- _BRIEF_: Repeat every line of the data exactly; no picture belongs in the copy.

- _DATASET CONTENT_:
:::::
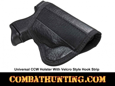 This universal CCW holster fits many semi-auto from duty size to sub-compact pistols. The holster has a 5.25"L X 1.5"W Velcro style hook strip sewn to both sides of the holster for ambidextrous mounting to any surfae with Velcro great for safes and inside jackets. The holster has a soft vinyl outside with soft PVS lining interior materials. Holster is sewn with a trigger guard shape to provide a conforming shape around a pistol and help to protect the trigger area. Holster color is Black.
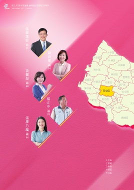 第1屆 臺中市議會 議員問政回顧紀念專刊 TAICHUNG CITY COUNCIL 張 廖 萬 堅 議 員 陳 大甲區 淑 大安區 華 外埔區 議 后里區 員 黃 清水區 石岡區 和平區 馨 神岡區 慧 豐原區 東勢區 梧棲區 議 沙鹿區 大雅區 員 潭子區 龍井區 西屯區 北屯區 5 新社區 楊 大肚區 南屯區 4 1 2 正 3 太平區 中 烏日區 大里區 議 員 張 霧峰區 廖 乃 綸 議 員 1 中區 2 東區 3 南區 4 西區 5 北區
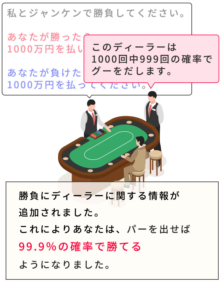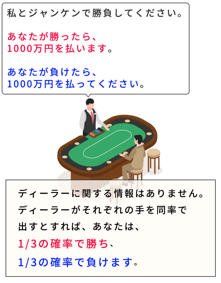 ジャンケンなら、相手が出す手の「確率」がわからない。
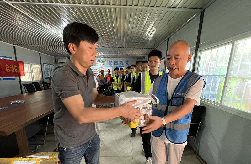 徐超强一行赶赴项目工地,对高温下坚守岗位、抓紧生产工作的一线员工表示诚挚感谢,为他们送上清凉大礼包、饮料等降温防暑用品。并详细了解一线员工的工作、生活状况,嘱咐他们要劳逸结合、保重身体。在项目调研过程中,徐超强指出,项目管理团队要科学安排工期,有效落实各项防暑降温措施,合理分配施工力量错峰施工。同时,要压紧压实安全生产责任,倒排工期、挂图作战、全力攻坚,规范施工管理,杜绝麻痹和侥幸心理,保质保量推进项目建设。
:::::
- _REPLY_:
 This universal CCW holster fits many semi-auto from duty size to sub-compact pistols. The holster has a 5.25"L X 1.5"W Velcro style hook strip sewn to both sides of the holster for ambidextrous mounting to any surfae with Velcro great for safes and inside jackets. The holster has a soft vinyl outside with soft PVS lining interior materials. Holster is sewn with a trigger guard shape to provide a conforming shape around a pistol and help to protect the trigger area. Holster color is Black.
 第1屆 臺中市議會 議員問政回顧紀念專刊 TAICHUNG CITY COUNCIL 張 廖 萬 堅 議 員 陳 大甲區 淑 大安區 華 外埔區 議 后里區 員 黃 清水區 石岡區 和平區 馨 神岡區 慧 豐原區 東勢區 梧棲區 議 沙鹿區 大雅區 員 潭子區 龍井區 西屯區 北屯區 5 新社區 楊 大肚區 南屯區 4 1 2 正 3 太平區 中 烏日區 大里區 議 員 張 霧峰區 廖 乃 綸 議 員 1 中區 2 東區 3 南區 4 西區 5 北區
 ジャンケンなら、相手が出す手の「確率」がわからない。
 徐超强一行赶赴项目工地,对高温下坚守岗位、抓紧生产工作的一线员工表示诚挚感谢,为他们送上清凉大礼包、饮料等降温防暑用品。并详细了解一线员工的工作、生活状况,嘱咐他们要劳逸结合、保重身体。在项目调研过程中,徐超强指出,项目管理团队要科学安排工期,有效落实各项防暑降温措施,合理分配施工力量错峰施工。同时,要压紧压实安全生产责任,倒排工期、挂图作战、全力攻坚,规范施工管理,杜绝麻痹和侥幸心理,保质保量推进项目建设。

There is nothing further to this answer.